# Seeing is believing on planet data

Sections
* Tufte's principles of graphical excellence
* Haslett's visual vocabulary
* Other data visualization considerations

This lecture draws from Tufte, Edward. "Chapter 1: Graphical Excellence", from The Visual Display of Quantitiative Information and the Financial Times' "Chart Doctor" repository.

---
# 1. Tufte's principles of graphical excellence

(Content adapted from Tufte's "The Visual Display of Quantitative Information")

<br>

Presenting your data in a visual form is one of the most valuable, and underappreciated, aspects of data analysis. A good graphic can take a complex idea and frame it in an intuitive and easy to understand manner. Yet often in the research environment plotting data is done in a _pro forma_ fashion, usually adopting conventions from previous papers/studies without careful thought on how to most efficiently convey the most relevant information in a simple manner. 

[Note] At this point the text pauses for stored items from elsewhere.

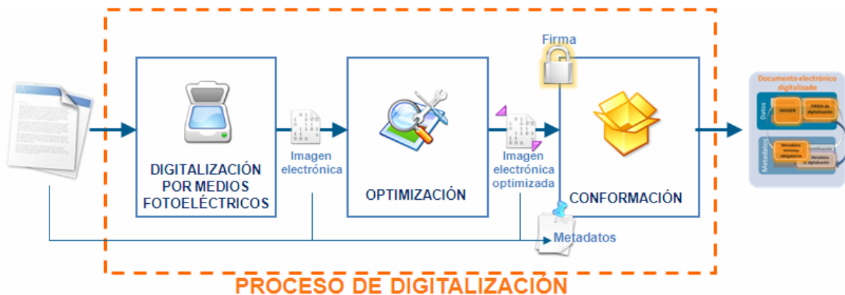
Figura 2. Tareas en el proceso de digitalización.
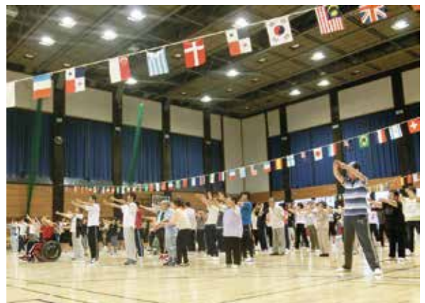
▲ 障害者スポーツ・レクリエーションのつどい
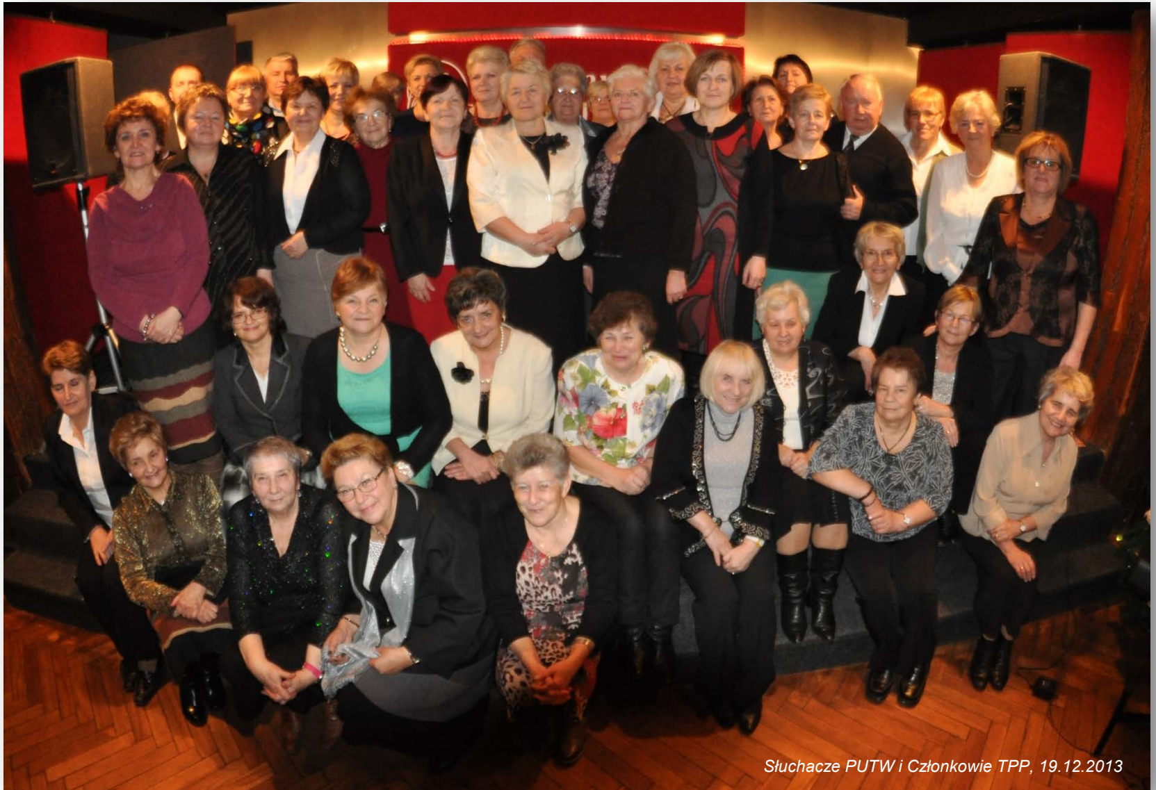
Słuchacze PUTW i Członkowie TPP, 19.12.2013
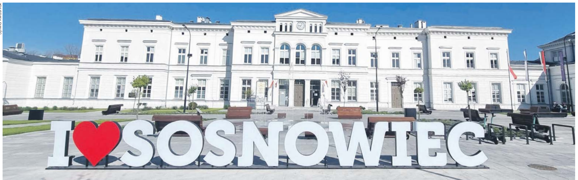
Napis I love Sosnowiec pojawił się na placu Powstańców Styczniowych przed dworcem Sosnowiec Główny. Instalacja spotkała się z zainteresowaniem mieszkańców. Sporo osób robi sobie przy niej zdjęcia.

możliwe będzie również dołączenie papierowej listy podpisów. Zgłaszając projekt, trzeba zacząć od tytułu i opisu projektu, a także podać szacunkowy koszt i dokładną lokalizację z ulicą i numerem działki. Konieczne będą również dane zgłaszającego. Kolejne etapy to lista poparcia (minimum 15 osób dla projektu ze strefy i 30 dla ogólnomiejskiej), uzasadnienie projektu oraz niezbędne oświadczenia i zgody. Ciąg dalszy na str. 3
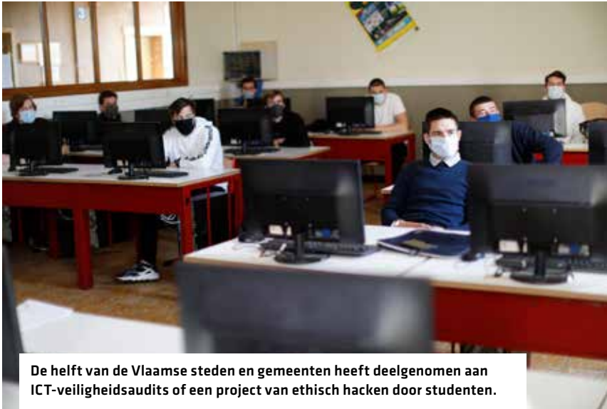
De helft van de Vlaamse steden en gemeenten heeft deelgenomen aan ICT-veiligheidsaudits of een project van ethisch hacken door studenten.
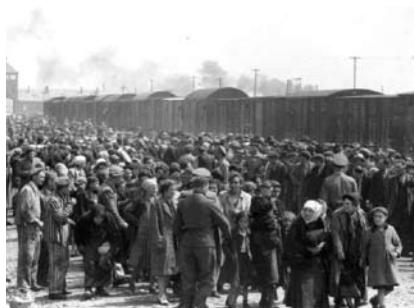
18. kép. A szelekció
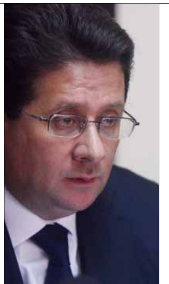
ابراهيم كنعان

هذه اللقاءات وتفعيلها فإنه سيقول رئيس حزب القوات سمير جعجع، من دون ان يعني ذلك خرق لائحته الانتخابية، بل مجرد إشغال القوات التي تنصرف عادة بناءً على أن نتيجة قضاء بشري محسومة.
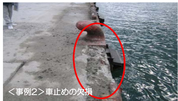
<事例2> 車止めの欠損
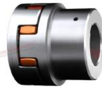
Khớp nối trực Rotex CFN

This was the goal of Edward Tufte's book "The Visual Display of Quantitative Information," which was the first real attempt to identify core theoretical principles in scientific visualization. In particular, Tufte outline the concept of _graphical excellence._

<br>

**Graphical Excellence:** The efficient communication of complex quantitative ideas.

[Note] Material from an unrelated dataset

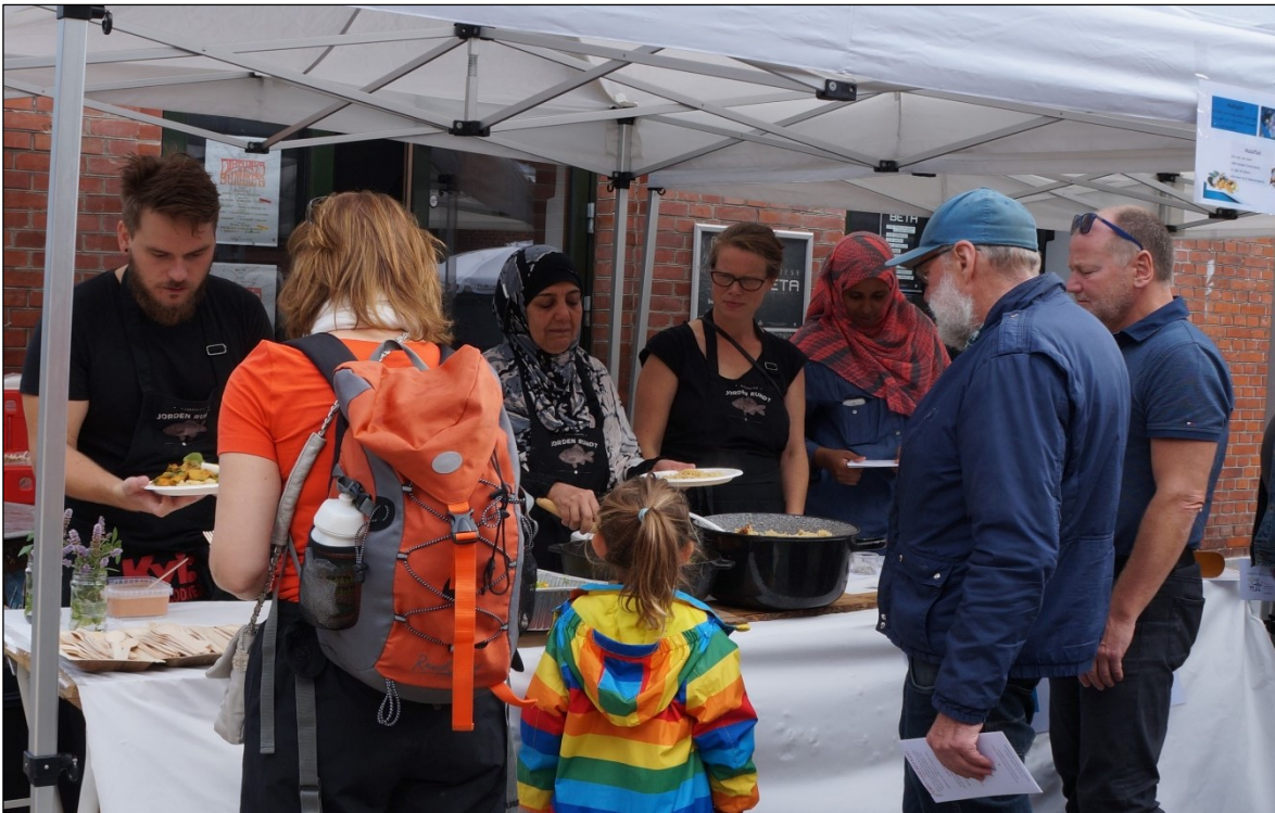
Streetfood på Lørdag på Musiktorvet.

Derudover kunne besøgende få inspiration hos Miljøambassadørerne og Kompostbudene om hvorledes man kan minimere madspild, samt opstarte kompostering der hvor man bor.

&nbsp;&nbsp;&nbsp;&nbsp; Graphics should _reveal_ data in a meaningful and intuitive way.

<br>

According to Tufte good graphical displays should have nine properties. 

* show the data

* induce the viewer to think about the substance rather than about
methodology, graphic design, the technology of graphic production,
or something else

* avoid distorting what the data have to say

* present many numbers in a small space

* make large data sets coherent

* encourage the eye to compare different pieces of data

* reveal the data at several levels of detail, from a broad overview
to the fine structure

* serve a reasonably clear purpose: description, exploration,
tabulation, or decoration

* be closely integrated with the statistical and verbal descriptions
of a data set

<br>

Let's consider a simple example of this.


## Example: Four x,y data pairs

<br>

You can present raw data in table format which does give the reader full access to information, but it is difficult to immediately understand the different relationships.

![Table](imgs/L4Table1.png)

<br>
Consider the same data visualized as scatter plots. The differences in relationships "pop".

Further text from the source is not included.